Citrus

The definition of seasoning is to enhance flavor with herbs, spice, & citrus

 

Citrus

Citrus Fruit is the fruit of various evergreen, usually spiny shrubs or trees, of the genus Citrus, native to southern and southeast Asia, having leathery, aromatic, unifoliolate compound leaves and cultivated for their juicy edible fruits that have a leathery aromatic rind.

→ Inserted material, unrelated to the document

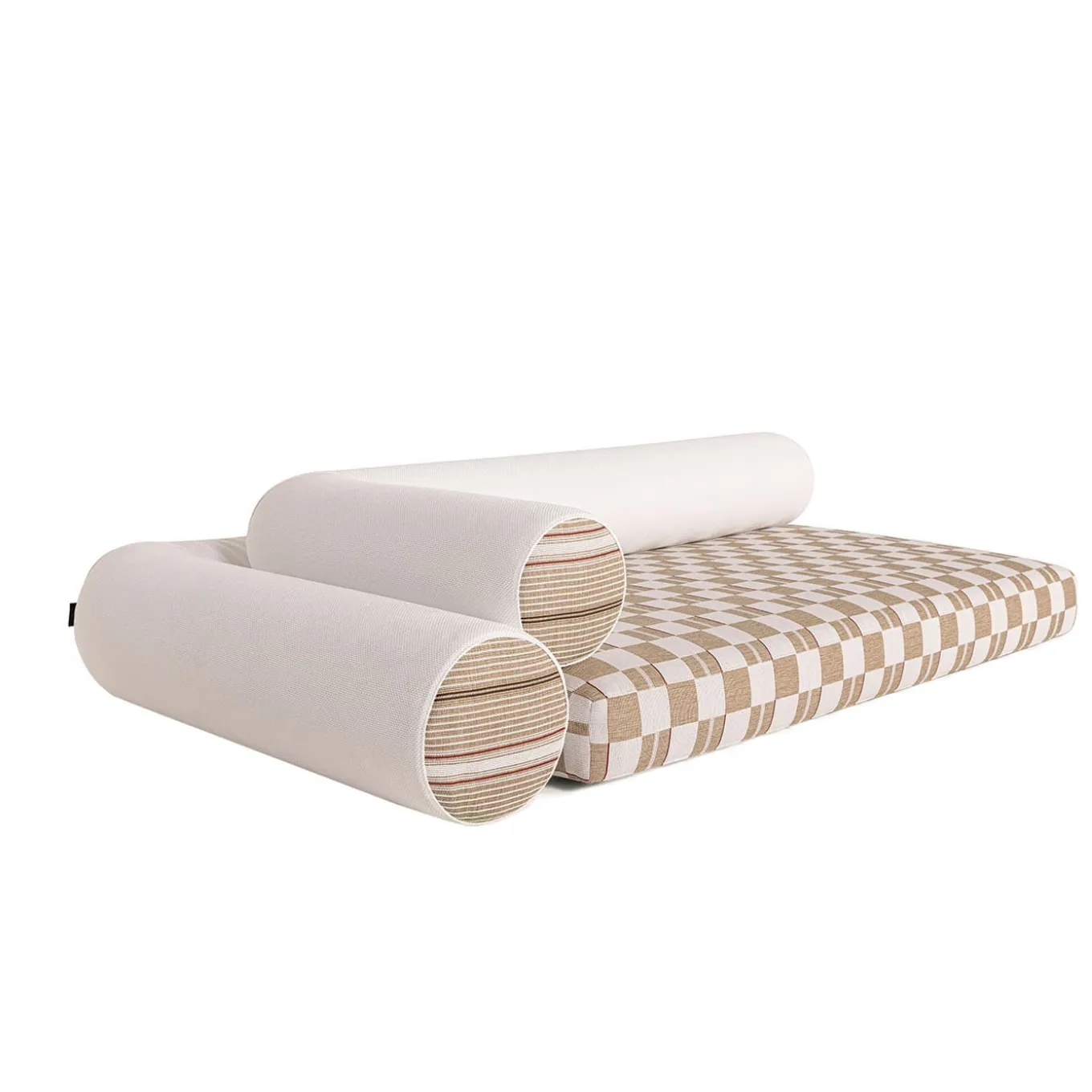 Majlis prende il nome da uno spazio tradizionale in uso nei Paesi arabi, dedicato all’ospitalità e alla convivialità. È un sistema di sedute modulari per esterni dalle dimensioni generose, dalle forme arrotondate e dall’eccezionale comfort di seduta. È caratterizzato da un ampio cuscino di seduta abbracciato da due rotoli che fungono da schienale, realizzati in diverse dimensioni e densità. Un tessuto traspirante e idrorepellente riveste l’inserto. Il prezzo comprende i cuscini decorativi, come mostrato nell’immagine, e la copertura protettiva per ogni modulo.
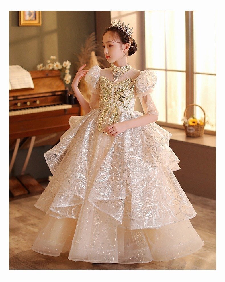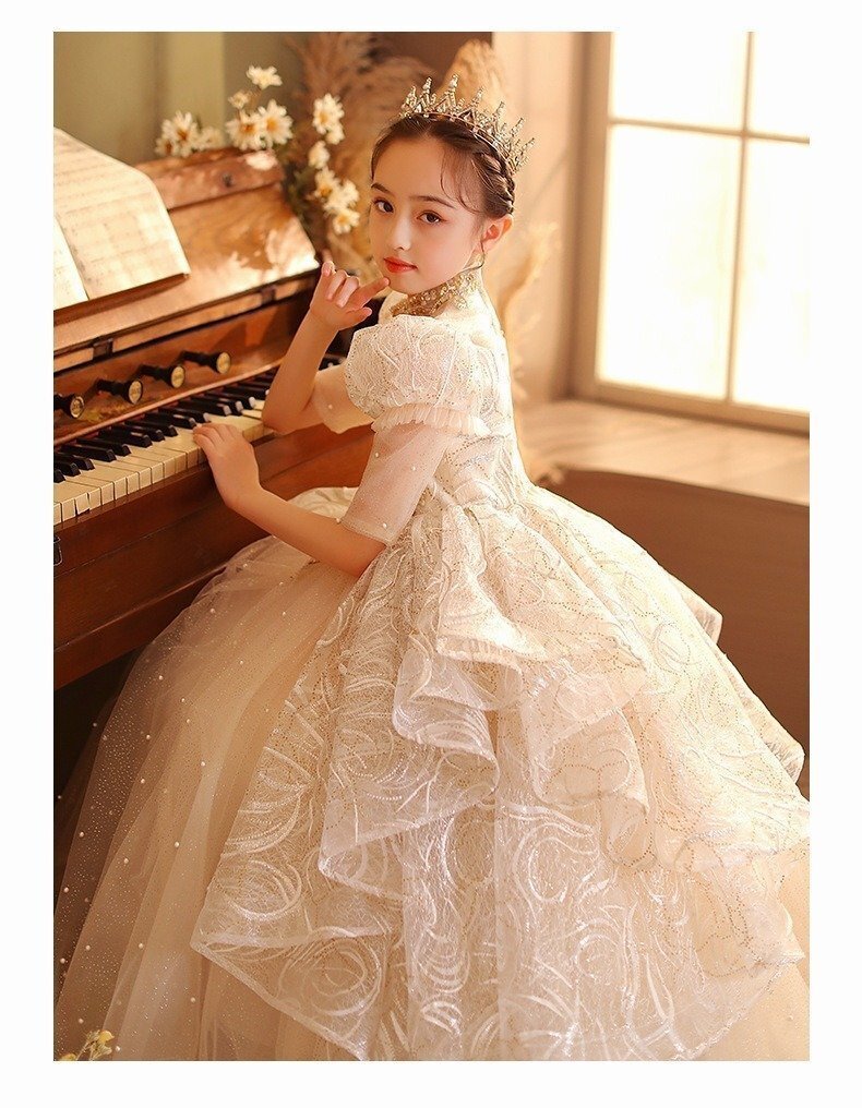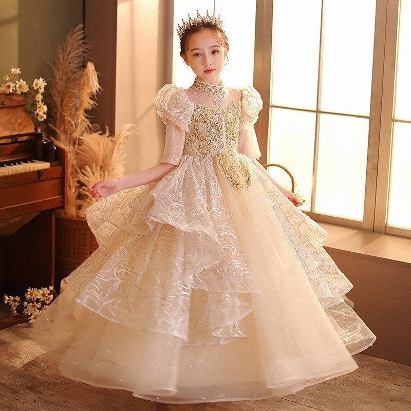 新品 子供ドレスピアノ発表会ロング子どもドレスフォーマル七五三ドレス 演奏会 発表会 パーティードレス キラキラ 高級

Citrus Fruits are a family of fruits all with different flavors and appearance. Common traits may include: Shiny outer skins, aromatic, with a juicy and acidic flesh such as the grapefruit, lemon, lime, or orange.

Grapefruit

A tropical citrus fruit that is characterized by its slightly bitter taste. Grapefruit is usually about the size of a softball or larger, has a skin that is usually yellow in color and flesh that ranges in color from yellowish-white to deep ruby red. Like other citrus fruits, grapefruit is an excellent source of vitamin C.

Lemon

An oval shaped, yellow citrus fruit. When the lemon's flesh or juice is added to a dish, it adds a mild tart flavor. The fruit most often used in the European cooking, and is also used as a garnish, in the form of a slice or wedge added to the plate. Lemon zest (the yellow part of the peel) is also often used to add flavor when cooking and baking. Lemons are available throughout the year. Lemon zest strips can be made by using a paring knife or vegetable peeler to slice off thin pieces of the yellow peel. When slicing off the pieces, care should be taken to not remove any of the bitter white pith. To grate the lemon zest, rub the lemon against a metal grater, making sure to turn the fruit so that you are taking off the yellow part of the peel and not the white pith. A citrus zester can also be used to remove the zest from the lemon. The zester removes the zest in fine threads, which can be minced as an alternative to grating. A Meyer Lemon is a variety of lemon that is known for having a sweeter flavor, tasting mildly like a tangerine. It is often used as a seasoning for fish, providing a fresh aroma and a sweeter flavor than the standard lemon.

Lime

A small green citrus fruit whose juice or peel is added to dishes to add tart flavoring. Its flavor is stronger and more tart than a lemon, but it can be substituted in most cases in place of a lemon. Lime zest (the green part of the peel) is also used to add flavor when cooking and baking. Limes are available throughout the year. Lime zest strips can be made by using a paring knife or vegetable peeler to slice off thin pieces of the green peel. When slicing off the pieces, care should be taken to not remove any of the bitter white pith. To grate the lime zest, rub the lime against a metal grater, making sure to turn the fruit so that you are taking off the green part of the peel and not the white pith. A citrus zester can also be used to remove the zest from the lime. The zester removes the zest in fine threads, which can be minced as an alternative to grating.

Orange

A baseball-sized citrus fruit with a tough orange skin and flesh that is segmented and juicy. It may have a sweet to slightly bitter taste, depending on the variety. They are grown in regions with a subtropical or Mediterranean climate. Some of the common varieties include Ambersweet, Blood, Hamlin, Naval, Red Naval, Pineapple, and Valencia oranges. Oranges are a good source of vitamins, such as vitamin C and four B vitamins and are also a good source of many important minerals.